### BRIEF
What is needed is an exact reproduction of the lines in the records below, starting at the line with "Türk vatandaşlarını taşıyan" and ending at the line with "75, 80 | 2 |", both included, and nothing else; pictures stay out.

### RECORD EXCERPTS
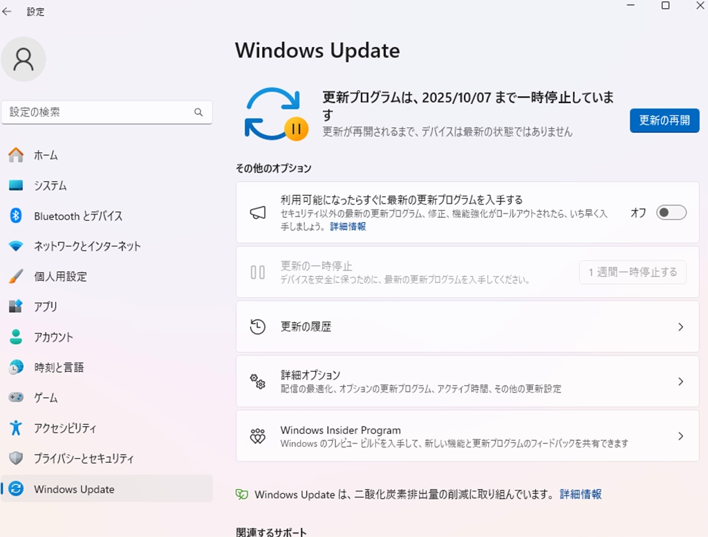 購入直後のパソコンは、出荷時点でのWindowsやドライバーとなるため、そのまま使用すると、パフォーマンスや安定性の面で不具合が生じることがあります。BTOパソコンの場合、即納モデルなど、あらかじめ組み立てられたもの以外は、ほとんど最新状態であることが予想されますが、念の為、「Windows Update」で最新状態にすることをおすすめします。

* * *

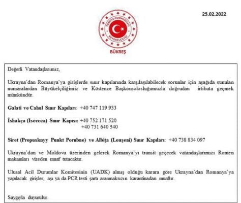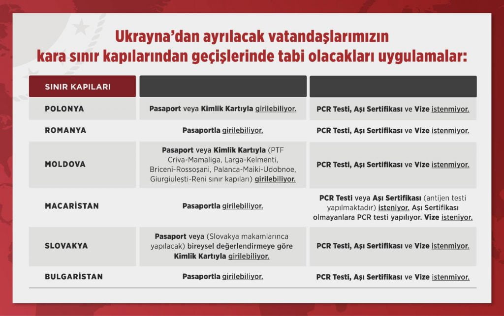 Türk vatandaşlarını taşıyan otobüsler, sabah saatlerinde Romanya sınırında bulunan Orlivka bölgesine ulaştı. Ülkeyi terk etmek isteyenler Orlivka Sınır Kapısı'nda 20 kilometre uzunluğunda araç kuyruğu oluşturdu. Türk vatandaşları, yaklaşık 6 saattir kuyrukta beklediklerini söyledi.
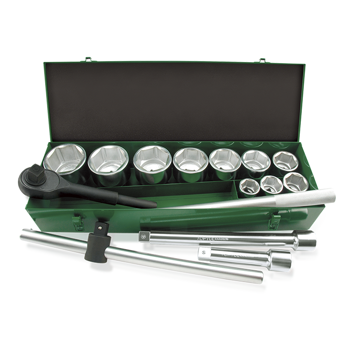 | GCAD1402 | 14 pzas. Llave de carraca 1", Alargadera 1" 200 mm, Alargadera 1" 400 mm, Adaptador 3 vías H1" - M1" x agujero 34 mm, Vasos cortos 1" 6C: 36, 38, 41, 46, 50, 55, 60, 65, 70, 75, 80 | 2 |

### WRITTEN ANSWER
 Türk vatandaşlarını taşıyan otobüsler, sabah saatlerinde Romanya sınırında bulunan Orlivka bölgesine ulaştı. Ülkeyi terk etmek isteyenler Orlivka Sınır Kapısı'nda 20 kilometre uzunluğunda araç kuyruğu oluşturdu. Türk vatandaşları, yaklaşık 6 saattir kuyrukta beklediklerini söyledi.
 | GCAD1402 | 14 pzas. Llave de carraca 1", Alargadera 1" 200 mm, Alargadera 1" 400 mm, Adaptador 3 vías H1" - M1" x agujero 34 mm, Vasos cortos 1" 6C: 36, 38, 41, 46, 50, 55, 60, 65, 70, 75, 80 | 2 |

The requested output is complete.